No boa? She must not know you very well


----------



## Bloodhound (Oct 16, 2007)

Job well done!!! Sealed with a kiss. Jeff you lucky dog!


----------



## Frighteners Entertainment (Jan 24, 2006)

I agree, lucky!


----------



## turtle2778 (Jul 9, 2006)

Good for you Jeff!!


----------



## Frighteners Entertainment (Jan 24, 2006)

turtle2778 said:


> Good for you Jeff!!


You think????
My wife hasn't seen the picture or email yet...!


----------



## Sickie Ickie (Jun 20, 2006)

Just say you received a nice letter thanking you.


----------



## beelce (Jul 21, 2007)

that's my kind of customer!


----------



## Turbophanx (Jun 30, 2008)

you should have delivered it to her.

Fail.


----------



## Frighteners Entertainment (Jan 24, 2006)

Turbophanx said:


> you should have delivered it to her.
> 
> Fail.


LOL, I agree.


----------



## Frighteners Entertainment (Jan 24, 2006)

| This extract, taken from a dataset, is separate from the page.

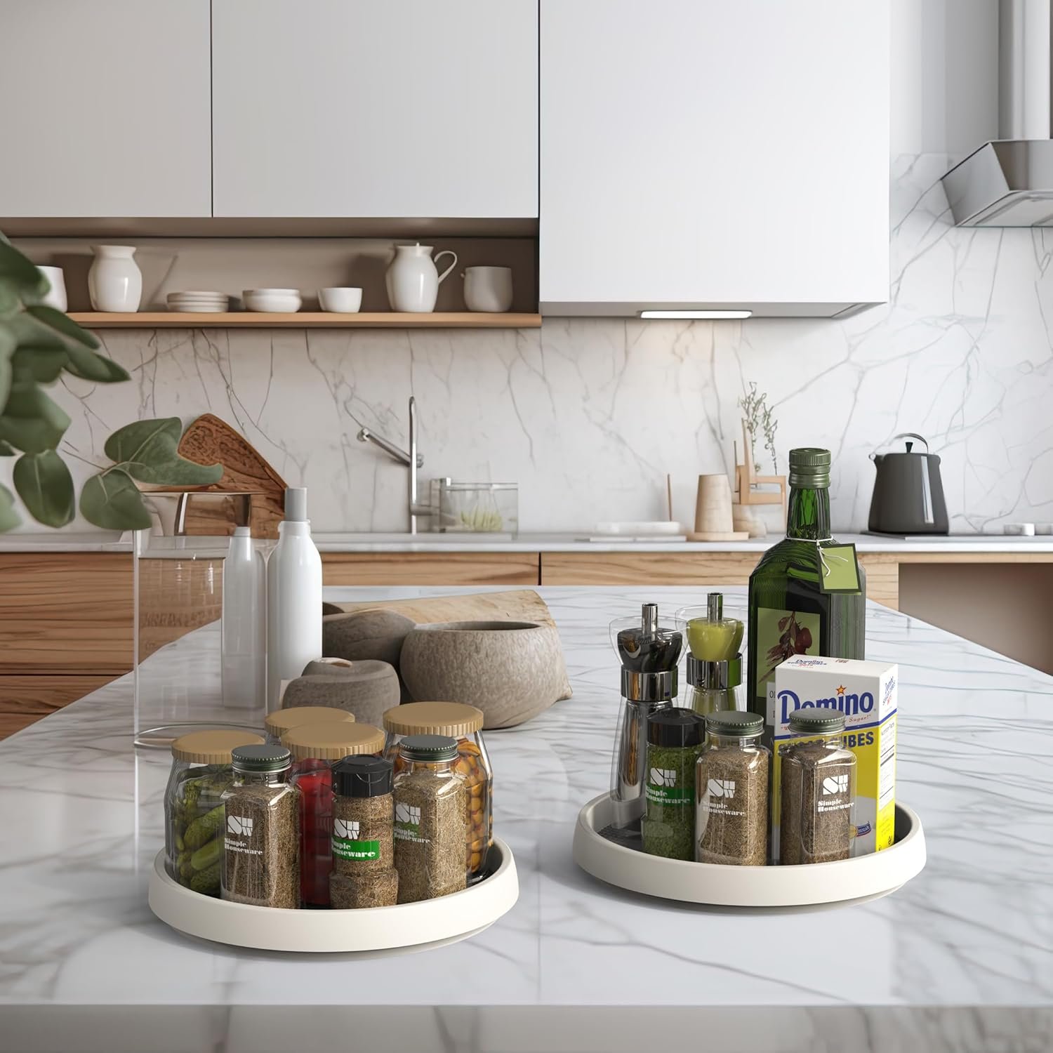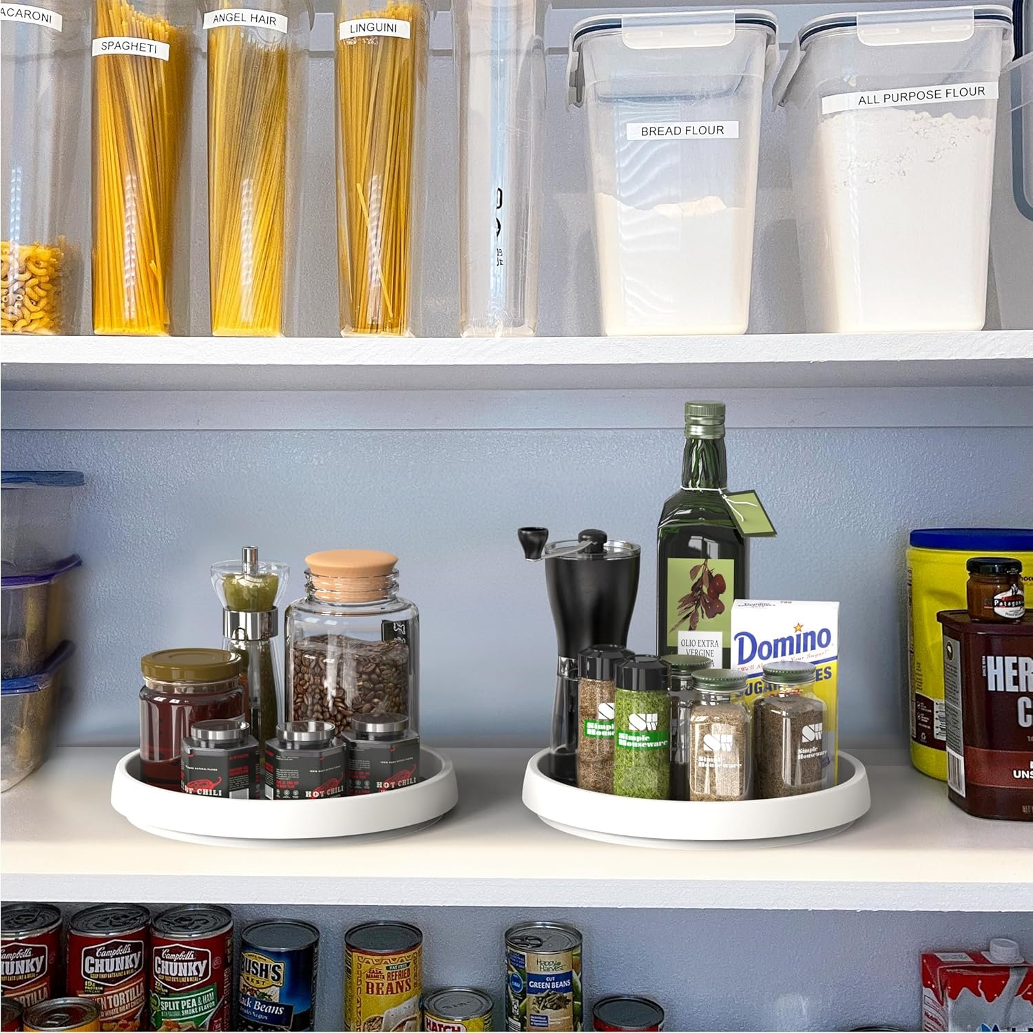 These do not fit in a standard depth upper kitchen cabinet. They’re about a half inch/inch too big which is such a weird size to go with.Otherwise, if you can find somewhere for them to fit, they spin nicely, are sturdy and have a nice non slip finish and a little lip to ensure things don’t fall off.

I'll post the happy reply tomorrow.
Everything arrived in perfect condition.


I will include a picture...yes she is cute!


----------



## MotelSixx (Sep 27, 2008)

I'm responding to the 'Help Wanted' ad you placed for delivery driver.


----------



## Frighteners Entertainment (Jan 24, 2006)

I should post the email too


----------



## Sickie Ickie (Jun 20, 2006)

hubba hubba! I assume DT already is on his way over as delivery driver?


----------



## pyro (Oct 7, 2006)

wow


----------